Je voudrais mettre le mode aléatoire pour que le fond d'écran change tous les jours automatiquement.

Sauf que : il n'y a des fond d'écran que je n'aime pas. Je voudrais conserver la diversité que propose Apple, mais effacer les quelques images que je n'aime pas.

Est-ce possible ? Si oui, comment faire pour les trouver et les mettre à la poubelle ?

Parce qu'apparemment on ne peut pas faire de sélection précise (dans les dossiers ou même d'un ou plusieurs dossiers) dans le mode aléatoire.

Je vous remercie tous de votre aide. Ca n'est pas un sujet dont notre vie dépend, c'est vrai ! Mais un peu de confort ne fait pas de mal !

Un très bon week end à tous où que vous soyez, de Parigris.


----------



## Sly54 (28 Janvier 2012)

Bonjour,



Meroe a dit:


> Est-ce possible ? Si oui, comment faire pour les trouver et les mettre à la poubelle ?

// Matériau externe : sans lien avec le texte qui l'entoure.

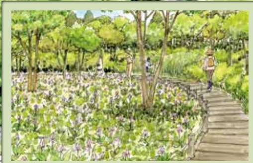
1 自然とふれあう憩いの森

Ton disque dur / Bibliothèque / Desktop pictures.
Fais le ménage comme tu le souhaites


----------



## Meroe (29 Janvier 2012)

Sly54,

Merci, tu es un chef !

J'avais pensé à regarder dans 'bibliothèque', mais la mienne, pas celle du disque dur. Et je ne sais même pas si j'aurais tilté sur 'desktop pictures'.

Super, bon week end !

M.


----------



## Sly54 (29 Janvier 2012)

Meroe a dit:


> Merci, tu es un chef !


----------